GIVEN RECORDS ::

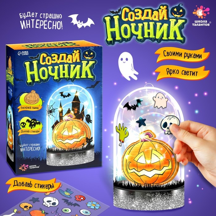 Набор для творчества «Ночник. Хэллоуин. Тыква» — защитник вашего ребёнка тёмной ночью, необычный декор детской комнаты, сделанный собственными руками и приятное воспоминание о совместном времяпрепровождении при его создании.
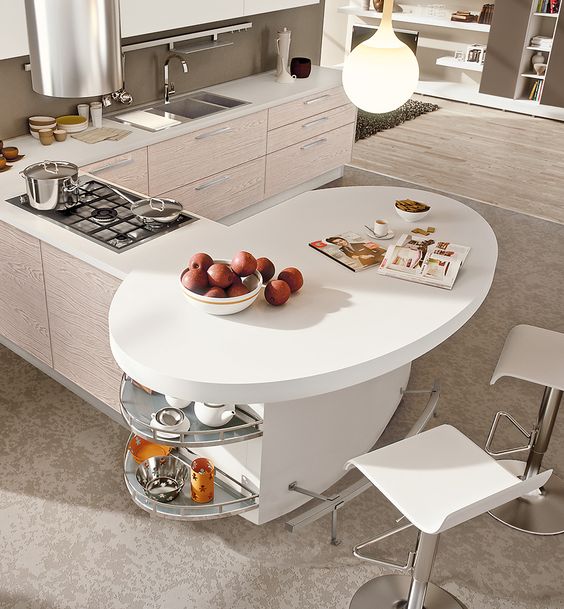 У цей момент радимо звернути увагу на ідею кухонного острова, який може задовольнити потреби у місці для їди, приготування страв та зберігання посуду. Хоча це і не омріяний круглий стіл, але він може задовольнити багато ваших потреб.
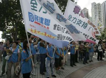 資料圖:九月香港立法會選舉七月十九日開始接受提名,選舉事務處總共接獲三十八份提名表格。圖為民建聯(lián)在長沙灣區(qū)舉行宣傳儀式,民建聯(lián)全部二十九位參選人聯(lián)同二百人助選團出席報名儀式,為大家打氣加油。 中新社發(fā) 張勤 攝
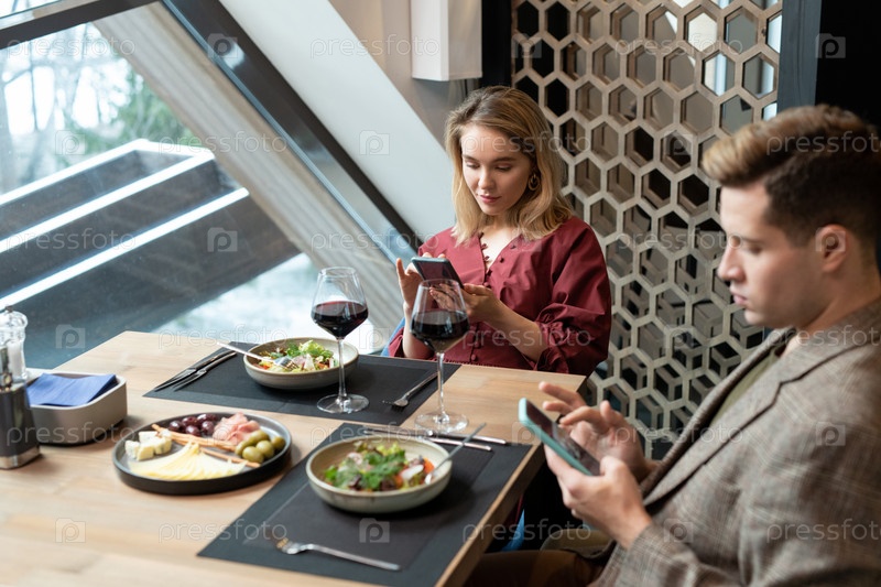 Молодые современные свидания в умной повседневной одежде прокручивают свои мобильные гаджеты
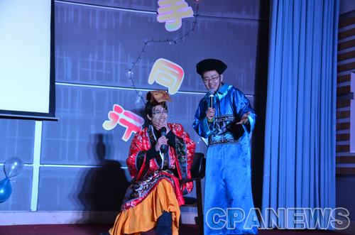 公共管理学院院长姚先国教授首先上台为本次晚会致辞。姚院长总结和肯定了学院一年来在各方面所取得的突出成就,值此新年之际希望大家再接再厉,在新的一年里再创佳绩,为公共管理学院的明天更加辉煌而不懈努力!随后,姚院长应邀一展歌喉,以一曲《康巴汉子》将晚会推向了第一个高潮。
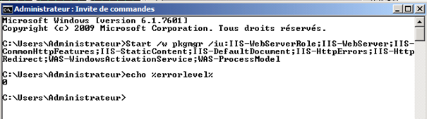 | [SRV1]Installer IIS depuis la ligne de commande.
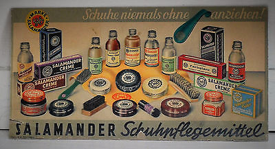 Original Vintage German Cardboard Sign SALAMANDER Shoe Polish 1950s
...
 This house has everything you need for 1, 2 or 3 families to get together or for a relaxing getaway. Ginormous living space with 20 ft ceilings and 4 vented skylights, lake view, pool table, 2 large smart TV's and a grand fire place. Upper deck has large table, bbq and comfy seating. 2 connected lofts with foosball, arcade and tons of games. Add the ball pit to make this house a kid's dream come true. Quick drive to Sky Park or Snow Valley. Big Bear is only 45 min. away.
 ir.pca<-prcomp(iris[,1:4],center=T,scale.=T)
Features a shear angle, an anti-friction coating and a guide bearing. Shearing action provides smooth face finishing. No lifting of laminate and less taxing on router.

INSTRUCTIONS FOR THE TASK :: Copy everything above from the line holding "У цей момент" down to the line holding "Original Vintage German", both ends included, exactly as it stands and without the pictures.

RESPONSE TO THE EXERCISE ::
 У цей момент радимо звернути увагу на ідею кухонного острова, який може задовольнити потреби у місці для їди, приготування страв та зберігання посуду. Хоча це і не омріяний круглий стіл, але він може задовольнити багато ваших потреб.
 資料圖:九月香港立法會選舉七月十九日開始接受提名,選舉事務處總共接獲三十八份提名表格。圖為民建聯(lián)在長沙灣區(qū)舉行宣傳儀式,民建聯(lián)全部二十九位參選人聯(lián)同二百人助選團出席報名儀式,為大家打氣加油。 中新社發(fā) 張勤 攝
 Молодые современные свидания в умной повседневной одежде прокручивают свои мобильные гаджеты
 公共管理学院院长姚先国教授首先上台为本次晚会致辞。姚院长总结和肯定了学院一年来在各方面所取得的突出成就,值此新年之际希望大家再接再厉,在新的一年里再创佳绩,为公共管理学院的明天更加辉煌而不懈努力!随后,姚院长应邀一展歌喉,以一曲《康巴汉子》将晚会推向了第一个高潮。
 | [SRV1]Installer IIS depuis la ligne de commande.
 Original Vintage German Cardboard Sign SALAMANDER Shoe Polish 1950s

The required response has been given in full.